How to complete this task
Leaving out the pictures, restate each record below word for word.

(Extracted data entries)
[Start of Attachment]

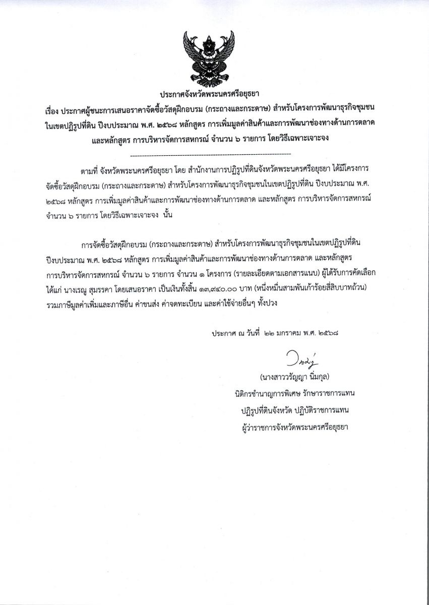 ประกาศผู้ชนะเสนอราคาจัดซื้อวัสดุฝึกอบรม (กระถางและกระดาษ) สำหรับโครงการพัฒนาธุรกิจชุมชนในเขตปฏิรูปที่ดิน ปีงบประมาณ พ.ศ.2568 หลักสูตร การเพิ่มมูลค่าสินค้าและการพัฒนาช่องทางด้านการตลาดและหลักสูตร การบริหารจัดการสหกรณ์ จำนวน 6 รายการ โดยวิธีเฉพาะเจาะจง
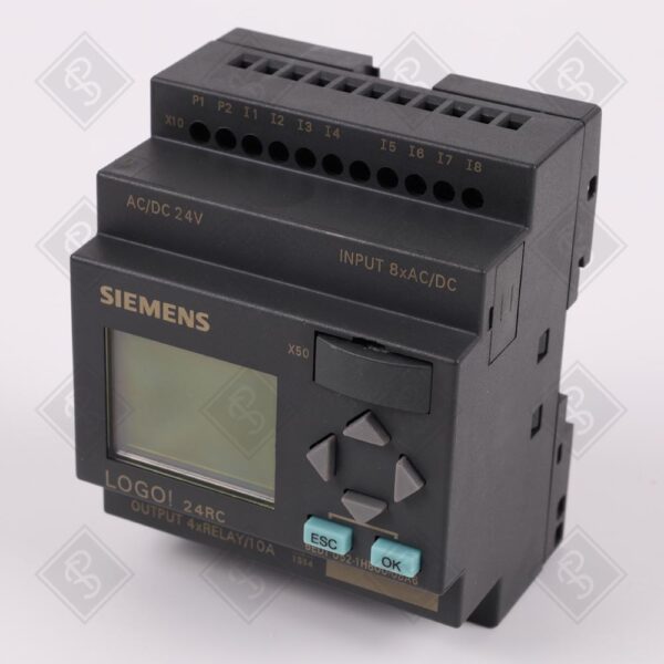 ЛОГИЧЕСКИЙ МОДУЛЬ LOGO! 24RC, НАПРЯЖЕНИЕ ПИТАНИЯ 24 В AC/DC, 8 ЦИФРОВЫХ ВХОДОВ 24 В AC/DC, 4 РЕЛЕЙНЫХ ВЫХОДА 10 А, ВСТРОЕННЫЕ ЧАСЫ РЕАЛЬНОГО ВРЕМЕНИ, ДИСПЛЕЙ, ПАМЯТЬ НА 200 БЛОКОВ, РАСШИРЯЕМЫЙ, МОНТАЖ НА DIN-РЕЙКУ 35 ММ, СТЕПЕНЬ ЗАЩИТЫ IP20, РАБОЧАЯ ТЕМПЕРАТУРА 0…+55°C
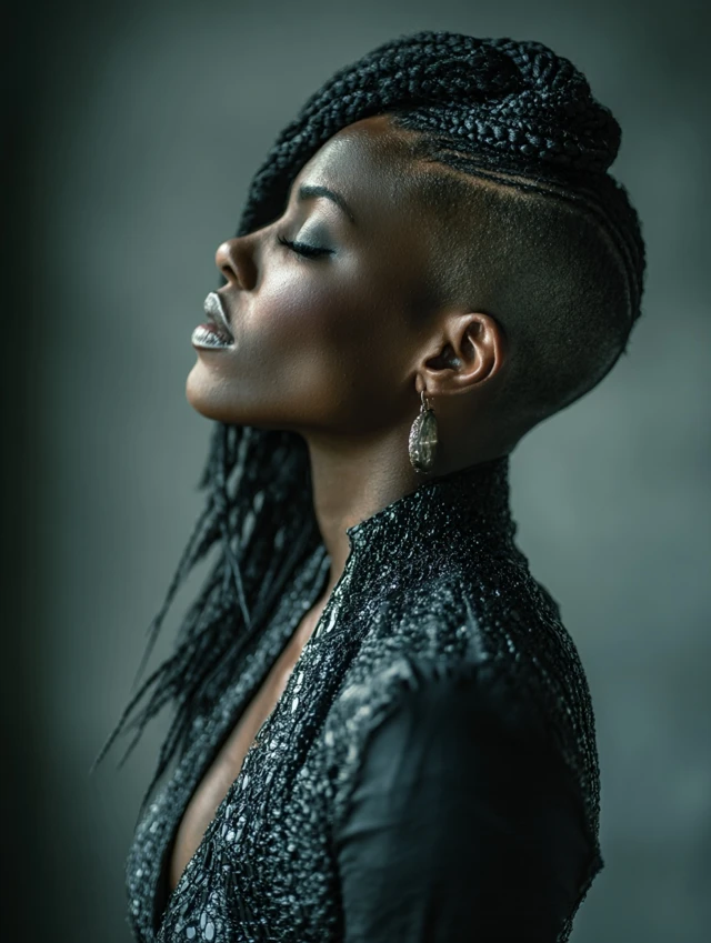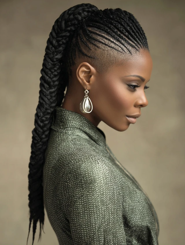 Cornrows or flat twists feed into a ponytail while shaved panels frame the temples or sides. The geometry feels sharp and graphic.
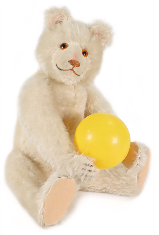 DICKY-BÄR, Artikel-Nr. 5317,2, hergestellt am 20.01.1931, eines der Highlights der Steiff Auktion, weißer lächelnder DICKY, mit deutl. Airbrush-Bemalung, helle Glasaugen, weißes Mohair, leicht rosa getönt im Innenohr, lange abgeknickte Arme, Filz-Tatzen, 27 cm, Handmuster aus dem Steiff-Archiv mit orig. Steiff-Archiv Anhänger
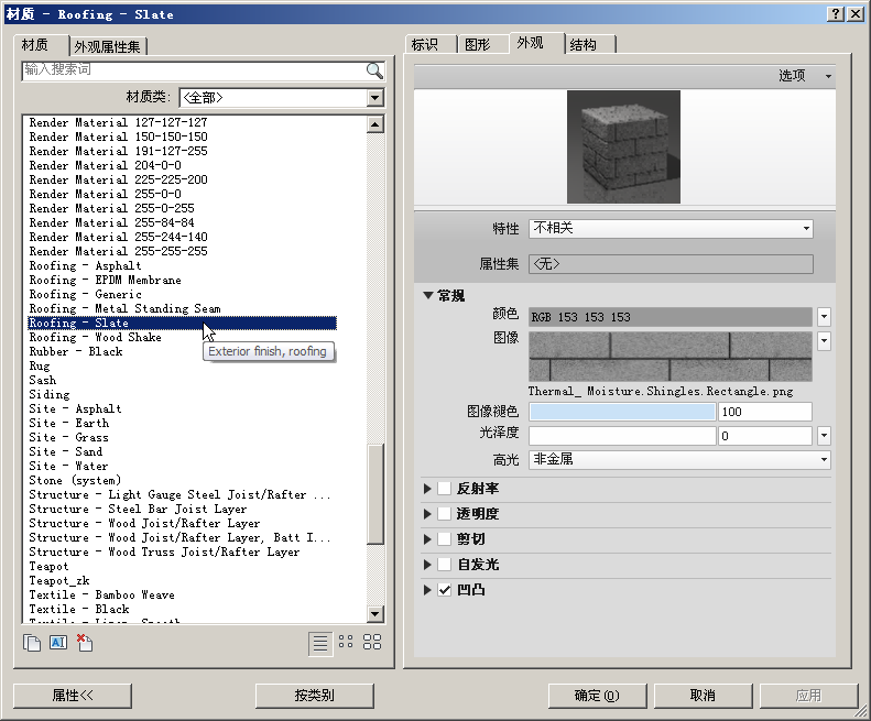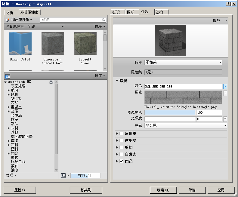 “材质”列中,单击列表顶部的项“屋顶 - 沥青”。
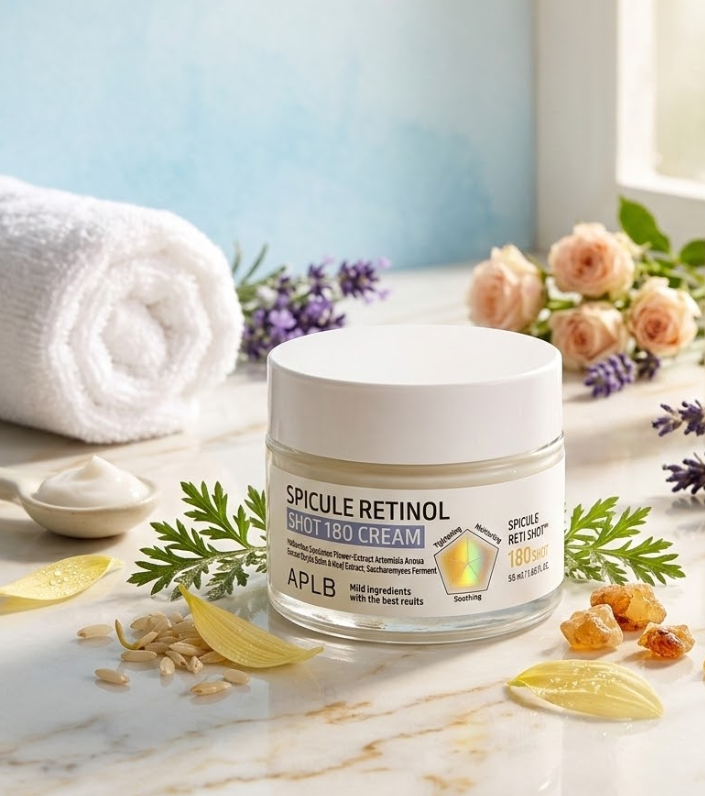 APLB SPICULE RETINOL SHOT 180 CREAM este un tratament de noapte intensiv, conceput pentru a accelera regenerarea celulară și a corecta semnele îmbătrânirii prin combinarea revoluționară a spiculelor cu retinolul.
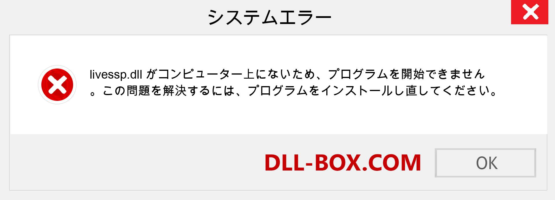 3. livessp.dllのロード中にエラーが発生しました。指定されたモジュールが見つかりませんでした。

[End of Attachment]

Solved exercise
 ประกาศผู้ชนะเสนอราคาจัดซื้อวัสดุฝึกอบรม (กระถางและกระดาษ) สำหรับโครงการพัฒนาธุรกิจชุมชนในเขตปฏิรูปที่ดิน ปีงบประมาณ พ.ศ.2568 หลักสูตร การเพิ่มมูลค่าสินค้าและการพัฒนาช่องทางด้านการตลาดและหลักสูตร การบริหารจัดการสหกรณ์ จำนวน 6 รายการ โดยวิธีเฉพาะเจาะจง
 ЛОГИЧЕСКИЙ МОДУЛЬ LOGO! 24RC, НАПРЯЖЕНИЕ ПИТАНИЯ 24 В AC/DC, 8 ЦИФРОВЫХ ВХОДОВ 24 В AC/DC, 4 РЕЛЕЙНЫХ ВЫХОДА 10 А, ВСТРОЕННЫЕ ЧАСЫ РЕАЛЬНОГО ВРЕМЕНИ, ДИСПЛЕЙ, ПАМЯТЬ НА 200 БЛОКОВ, РАСШИРЯЕМЫЙ, МОНТАЖ НА DIN-РЕЙКУ 35 ММ, СТЕПЕНЬ ЗАЩИТЫ IP20, РАБОЧАЯ ТЕМПЕРАТУРА 0…+55°C
 Cornrows or flat twists feed into a ponytail while shaved panels frame the temples or sides. The geometry feels sharp and graphic.
 DICKY-BÄR, Artikel-Nr. 5317,2, hergestellt am 20.01.1931, eines der Highlights der Steiff Auktion, weißer lächelnder DICKY, mit deutl. Airbrush-Bemalung, helle Glasaugen, weißes Mohair, leicht rosa getönt im Innenohr, lange abgeknickte Arme, Filz-Tatzen, 27 cm, Handmuster aus dem Steiff-Archiv mit orig. Steiff-Archiv Anhänger
 “材质”列中,单击列表顶部的项“屋顶 - 沥青”。
 APLB SPICULE RETINOL SHOT 180 CREAM este un tratament de noapte intensiv, conceput pentru a accelera regenerarea celulară și a corecta semnele îmbătrânirii prin combinarea revoluționară a spiculelor cu retinolul.
 3. livessp.dllのロード中にエラーが発生しました。指定されたモジュールが見つかりませんでした。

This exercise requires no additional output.